Atmen

Atmen

Die Atmung gehört zu den sechs sogenannten Pilates Prinzipien:

  • Atmen
  • Konzentration
  • Zentrierung
  • Präzision
  • Kontrolle
  • fließende Bewegung

Und obwohl Joseph Pilates nie von den „Pilates-Prinzipien“ spricht, benutzt und beschreibt er diese Begriffe sehr ausführlich in seinen beiden Büchern „Your Health“ (1934) und insbesondere in „Return to Life through Contrology“ (1945).

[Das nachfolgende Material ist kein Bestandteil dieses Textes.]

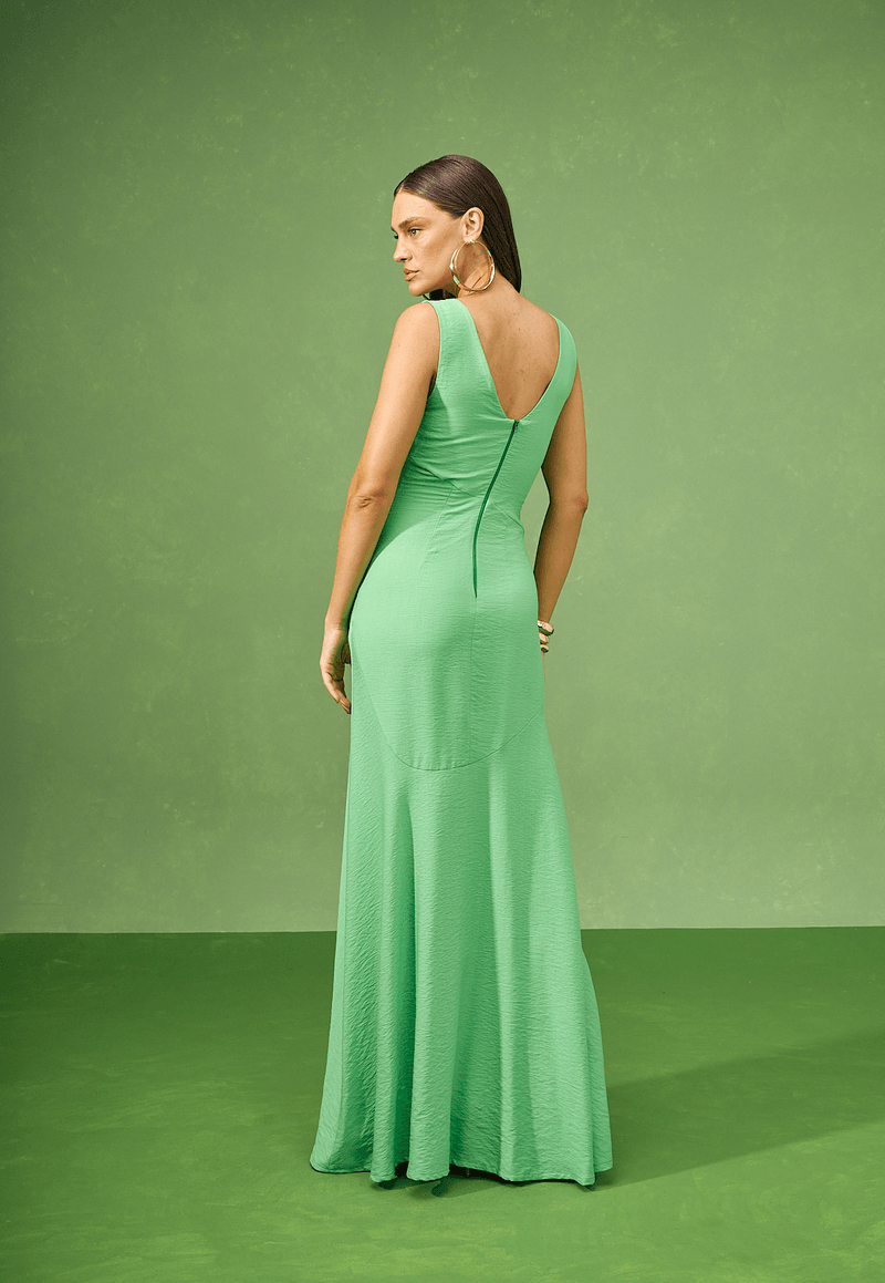 O vestido longo aposta na silhueta feminina com um design que combina leveza e estrutura. A modelagem fluida se contrapõe a recortes estratégicos, que criam um efeito de cintura marcada e valorizam o corpo com sofisticação.

In „Your Health“ schreibt er im „Kapitel 8: First Educate the Child!“ „Before any real benefit can be derived from physical exercises, one must first learn how to breathe properly – this all-important function requires individual instruction, not only by precept but by example.“

Kapitel 8: Zuerst das Kind erziehen! „Bevor aus der körperlichen Betätigung ein echter Nutzen gezogen werden kann, muss man erst lernen, wie man richtig atmet – diese wichtige Funktion erfordert individuelle Anweisungen, nicht nur durch Vorgaben, sondern auch durch Beispiele.“   ★

Und in „Return to Life through Contrology“ schreibt er „To breathe correctly you must completely exhale and inhale, always trying very hard to ’squeeze’ every atom of impure air from your lungs in much the same manner that you would wring every drop of water from a wet cloth. When you stand erect again, the lungs will automatically completely refill themselves with fresh air.“

Um richtig zu atmen, müssen Sie vollständig ausatmen und einatmen. Dabei ist es immer sehr wichtig, jedes Atom unreiner Luft aus den Lungen zu quetschen, und zwar auf die gleiche Art und Weise, wie Sie jeden Tropfen Wasser aus einem feuchten Tuch wringen. Wenn Sie sich wieder aufrichten, füllen sich die Lungen automatisch mit frischer Luft

Eine Seite weiter heißt es Breathing is the first act of life, and the last. Our very life depends on it. Since we cannot live without breathing it is tragically deplorable to contemplate the millions and millions who have never learned to master the art of correct breathing. One often wonders how so many millions continue to live as long as they do under this tremendous handicap to longevity. Lazy breathing converts the lungs, figuratively speaking, into a cemetery for the deposition of diseased, dying, and dead germs as well as supplying an ideal haven for the multiplication of other harmful germs. Therefore, above all, learn how to breathe correctly. „

Atmen ist der erste Akt des Lebens und der letzte. Unser ganzes Leben hängt davon ab. Da wir nicht ohne Atem leben können, ist es sehr bedauerlich, darüber nachzudenken, daß Millionen und Millionen noch nie gelernt haben, die Kunst des richtigen Atmens zu beherrschen. Man fragt sich oft, wie viele Millionen mit dieser enormen Behinderung so lange leben. Durch nachlässiges Atmen werden die Lungen, bildlich gesprochen, in einen Friedhof für kranke, sterbende und tote Keime umgewandelt und bieten so einen idealen Ort für die Vermehrung anderer schädlicher Keime. Daher lerne vor allem richtig zu atmen.  ★

Als Pilates Lehrer beobachte ich häufig bei neuen Schülern und Anfängern, dass sie wenig Bewusstsein für ihr Atmen haben. Viele atmen sehr flach und wenn sie tief atmen wollen, ziehen sie häufig die Schultern hoch bei dem Versuch ihre Lungen mit viel Luft zu füllen.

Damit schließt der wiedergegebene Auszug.